I should guard against the error in my own closing as carefully as I have pressed it in yours, for there is a way of asserting suspension that is merely certainty wearing humbler clothes. So let me state the position as the discipline requires it to be held, and not a degree more firmly. On the criterion for which I have argued, the edge appears to me the one place a bounded mind may stand without claiming what it cannot see; if that criterion should itself fail under a better account than I can give, I would have to move, and I hope I would. I do not offer the boundary as a new certainty in the old one's chair. I offer it as where the argument has carried me so far, held open to the same revision I have asked of everything else, my own conclusion included.

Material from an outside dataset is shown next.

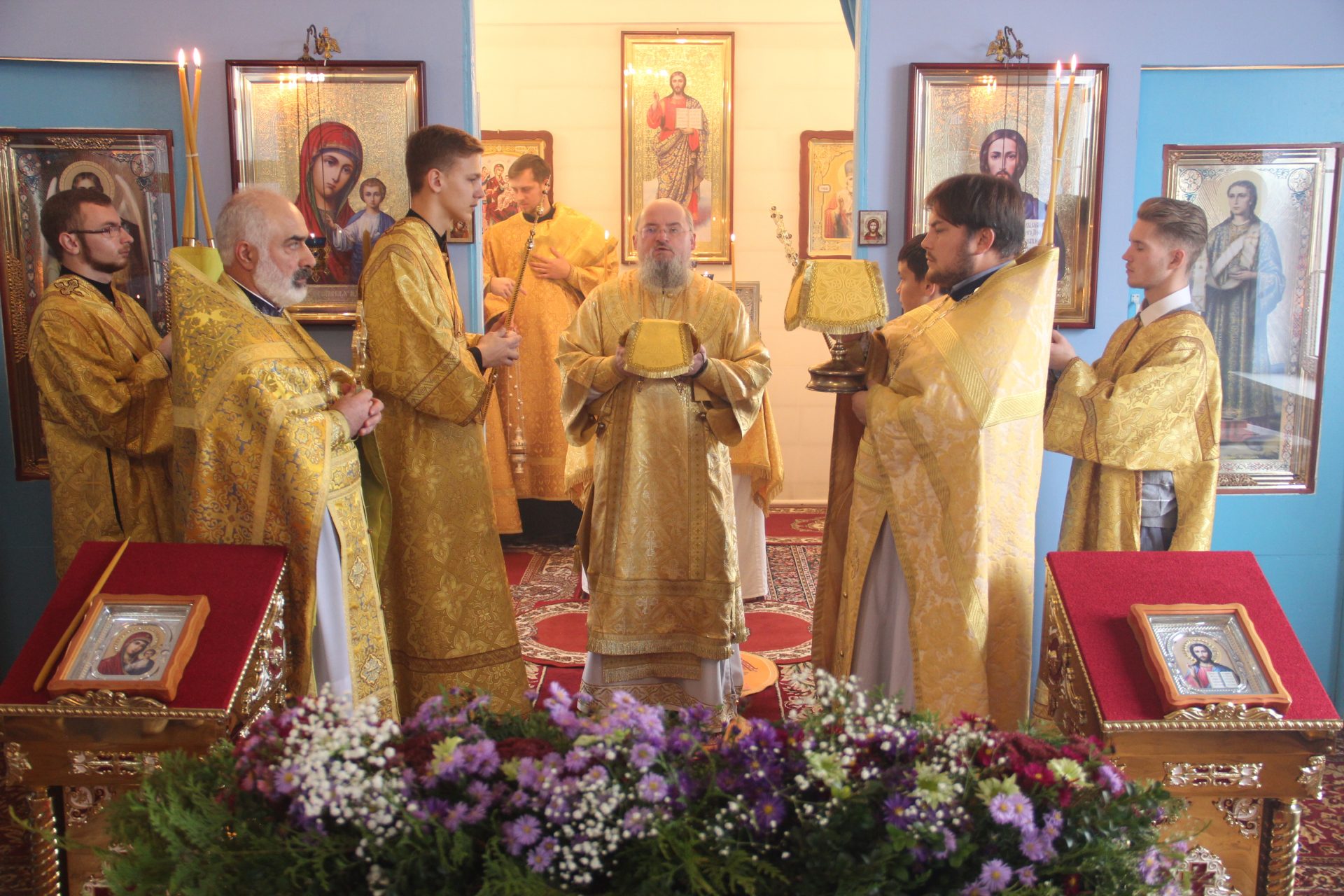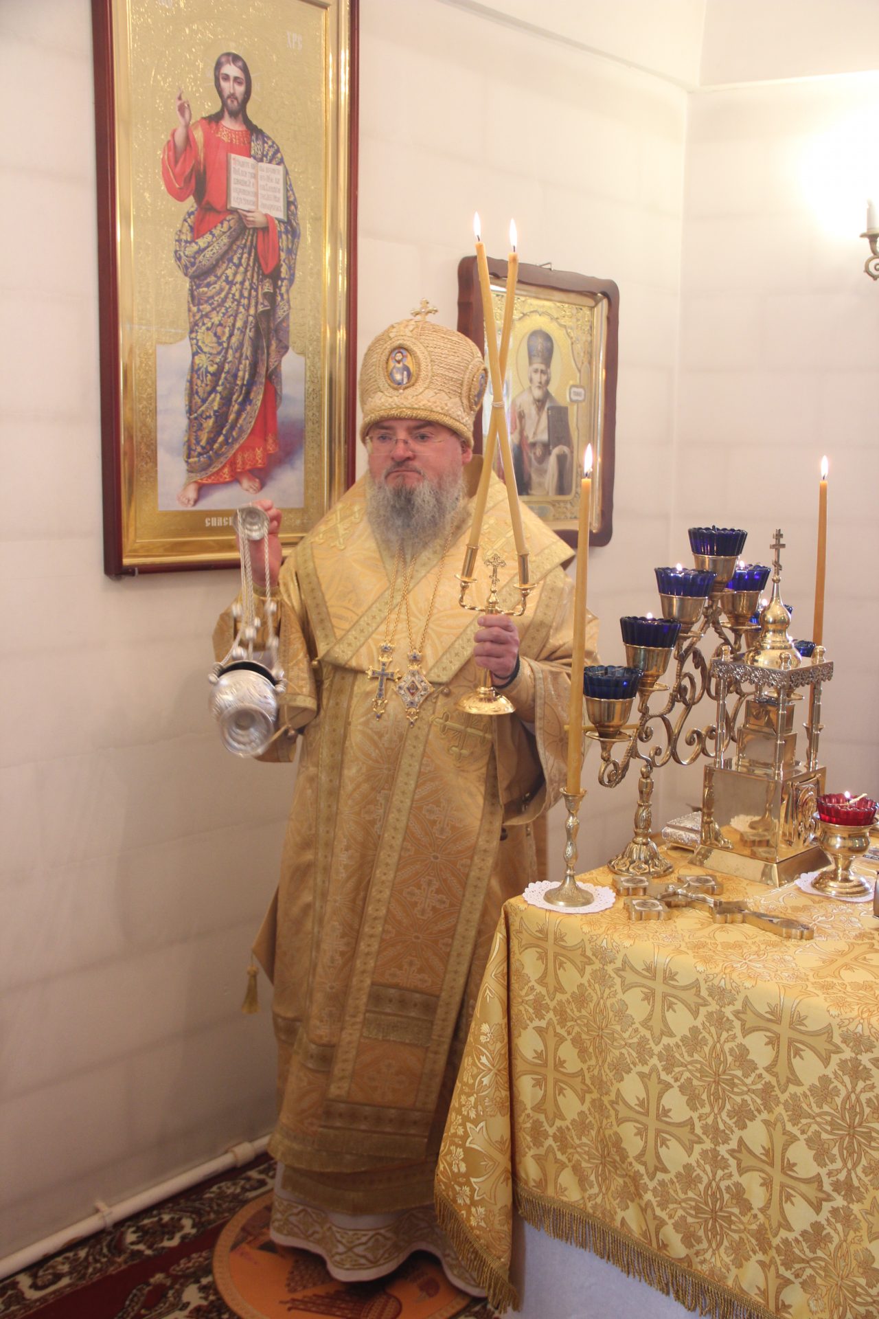 Архипастырю сослужили: протоиерей Антоний Хатунцев, иерей Геннадий Сафиев – настоятель храма, диакон Евгений Ковригин и диакон Константин Илющенко.

I will not answer your closing in kind, though I felt its warmth and do not mistake it for a debating tactic. You end with a hand extended from the far side of the edge. I cannot extend a hand across a boundary that lies past the reach of any bounded mind, and I will not, because to do so would be to commit, in the last paragraph, the exact error I asked you to help me hunt. If there is a hand there, it is on the far side of the horizon, and from this side I cannot tell its warmth from my wish for it. That is not a verdict, and I do not present it as one. It is only as far as one bounded mind has honestly been able to walk. I would read your reply either way, and I hope you will press me again, because you press more honestly than almost anyone I have met on this question. Press me towards whatever you think I have missed. If it is across the edge, show me the bridge I could not find, and if it is short of the edge, show me the floorboard I left in place. Either way I will look.